Instructions to follow: Every line of the listing belongs in your answer exactly as written; the images do not.

Given information:
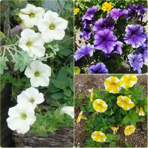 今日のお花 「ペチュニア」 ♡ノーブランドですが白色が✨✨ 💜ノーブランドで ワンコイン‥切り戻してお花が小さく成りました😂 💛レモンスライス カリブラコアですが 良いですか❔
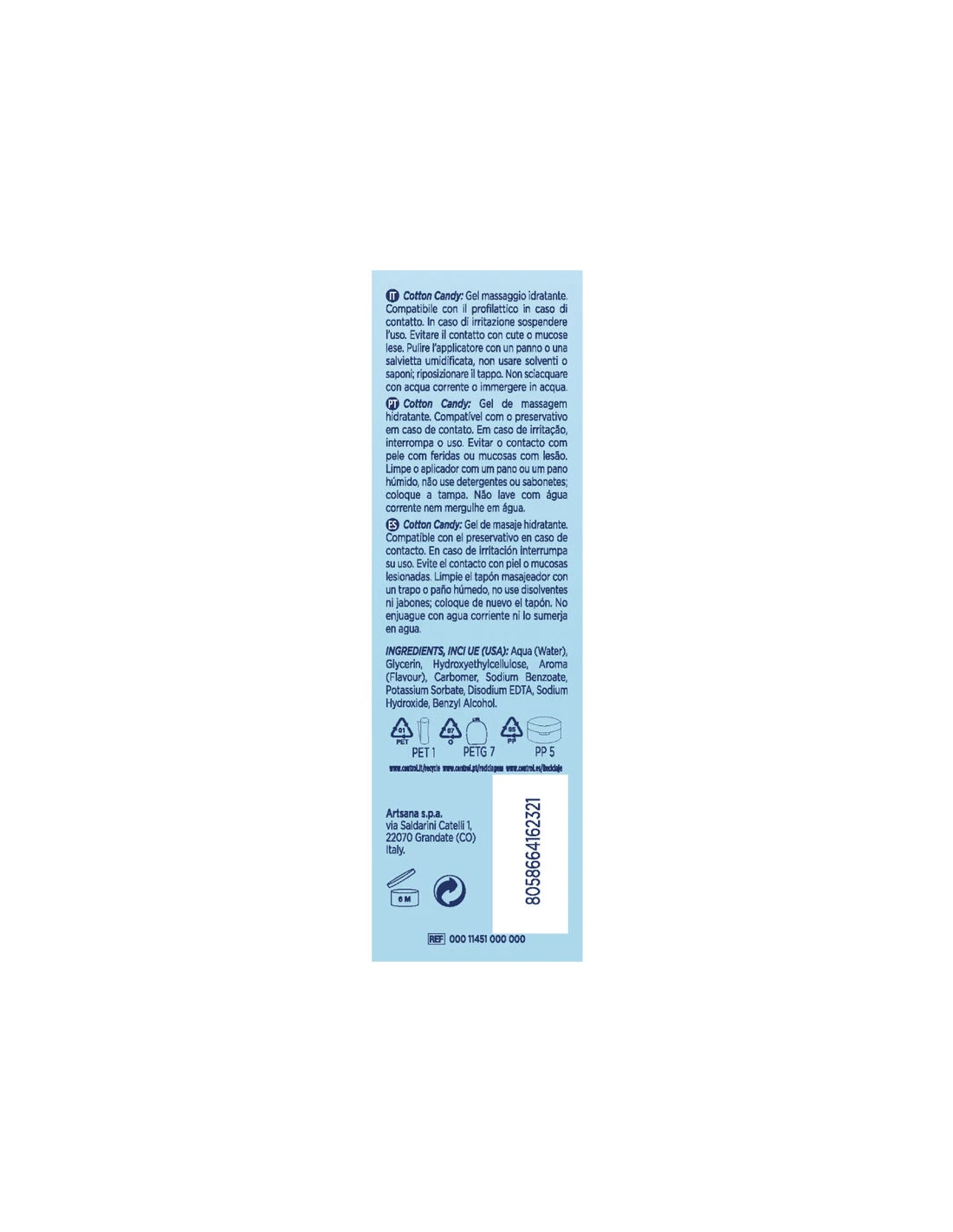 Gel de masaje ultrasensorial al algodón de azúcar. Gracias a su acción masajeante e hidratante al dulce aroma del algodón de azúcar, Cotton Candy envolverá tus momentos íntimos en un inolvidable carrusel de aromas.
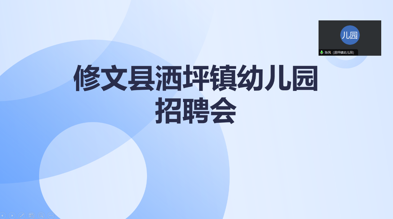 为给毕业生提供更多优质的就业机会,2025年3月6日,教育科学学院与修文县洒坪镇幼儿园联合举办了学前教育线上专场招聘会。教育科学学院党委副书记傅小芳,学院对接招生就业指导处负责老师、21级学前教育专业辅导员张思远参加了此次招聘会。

Your solution:
 今日のお花 「ペチュニア」 ♡ノーブランドですが白色が✨✨ 💜ノーブランドで ワンコイン‥切り戻してお花が小さく成りました😂 💛レモンスライス カリブラコアですが 良いですか❔
 Gel de masaje ultrasensorial al algodón de azúcar. Gracias a su acción masajeante e hidratante al dulce aroma del algodón de azúcar, Cotton Candy envolverá tus momentos íntimos en un inolvidable carrusel de aromas.
 为给毕业生提供更多优质的就业机会,2025年3月6日,教育科学学院与修文县洒坪镇幼儿园联合举办了学前教育线上专场招聘会。教育科学学院党委副书记傅小芳,学院对接招生就业指导处负责老师、21级学前教育专业辅导员张思远参加了此次招聘会。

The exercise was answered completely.